Млад нетвердой рукой развязал тесемку, доставая огниво, – как назло, ладони намокли от пота. Удар металла о камень прозвучал в ночи неожиданно громко, но дрожавшая рука сорвалась, и, прежде чем повторить попытку, Млад сосчитал до десяти, прислушиваясь к звукам спавшего лагеря и надеясь унять волнение и дрожь. Он собирался ударить кресалом снова, как вдруг сверху на него с криком навалилось грузное потное тело. Этого Млад никак не ожидал – оказывается, татарские дозорные тоже умели бесшумно двигаться в темноте! Он рванулся из-под нападавшего, но тот перехватил его запястье еще во время прыжка и с небывалой силой и ловкостью заломил руку Млада назад, прижав ее к затылку. Отчаянная боль хлестнула через край, Млад услышал хруст костей, в глазах вспыхнул золотой, слепящий свет, и градом хлынули слезы. Он не сумел даже вскрикнуть, задыхаясь, захлебываясь этой болью. Кресало со стуком упало где-то рядом с ухом – лицо его плотно прижалось к вытоптанной, пахнувшей конским навозом земле.

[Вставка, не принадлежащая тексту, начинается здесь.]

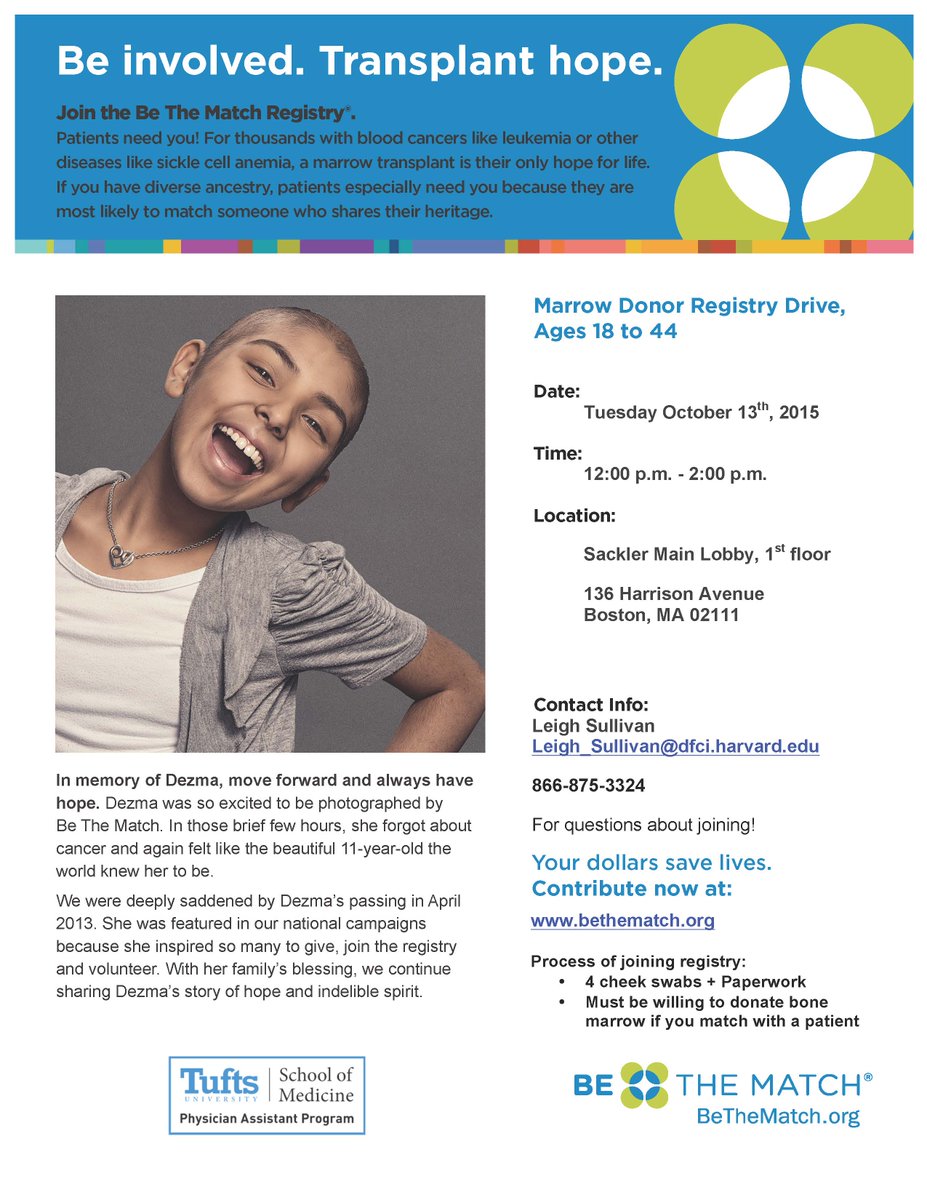 Bone Marrow Donor Registry Drive on 10/13 from 12-2PM in the Sackler Lobby: http://www.bethematch.org pic.twitter.com/jVQvwEy4dq
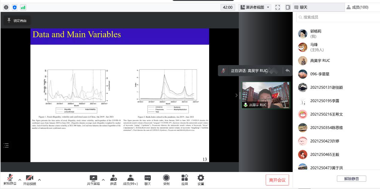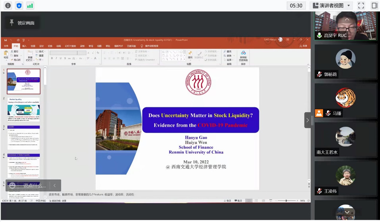 2022年3月10日上午10点,中国人民大学财政金融学院高昊宇副教授的学术讲座在线上举行。高昊宇副教授以“Does Uncertainty Matter in Stock Liquidity? Evidence from the COVID-19 Pandemic”为主题进行了精彩的分享。本次学术活动由经济管理学院马锋副教授主持,朱宏泉教授、梁超老师以及学院部分研究生在线参加了本次讲座。

Лагерь тут же пришел в движение, вокруг вспыхивали факелы, раздавались удивленные крики, и вскоре Млада плотным кольцом окружили татары, а дозорный продолжал сжимать его запястье и ослабил хватку только чтобы поднять Млада на ноги и как следует рассмотреть. На ноги Млад встать не смог – дозорный поднял его за волосы и поставил на колени. Боль пульсировала в голове, от нее тошнило, но постепенно до Млада начал доходить смысл происшедшего: он попался. И сейчас татары его убьют.
Но вместо этого враги разразились дружным хохотом – стоило факелам осветить его мокрое от слез лицо. Сначала Млад не понял, почему они смеются, – наверное, над тем, что он расплакался, как девчонка. Но вскоре ему стало понятно: они смеются над дозорным, которому удалось одержать столь блестящую победу над ребенком. От обиды дозорный выпустил из рук его запястье, и рука упала вниз: Млад слабо вскрикнул, и слезы снова побежали из глаз. Кто-то крикнул ему по-русски, что у князя Бориса не осталось взрослых воинов, раз лазутчиком тот выбрал мальчишку. Млад постарался справиться с собой и закусил губы – он считал себя взрослым, умным и смелым. Если бы он видел себя со стороны, то понял бы, в чем дело: каждый из воинов весил, наверное, раза в два больше него и мог свернуть ему шею одной рукой. В темноте дозорный не разобрался, кто перед ним, поэтому и сломал ему руку, рассчитывая на сопротивление взрослого мужчины.
Однако, когда татары рассмотрели стоявший на земле бочонок с порохом, смех немного поутих, передние ряды попятились назад, отодвигая факелы подальше, а дозорный поднял с земли огниво и показал остальным: в злонамеренье Млада никто не усомнился.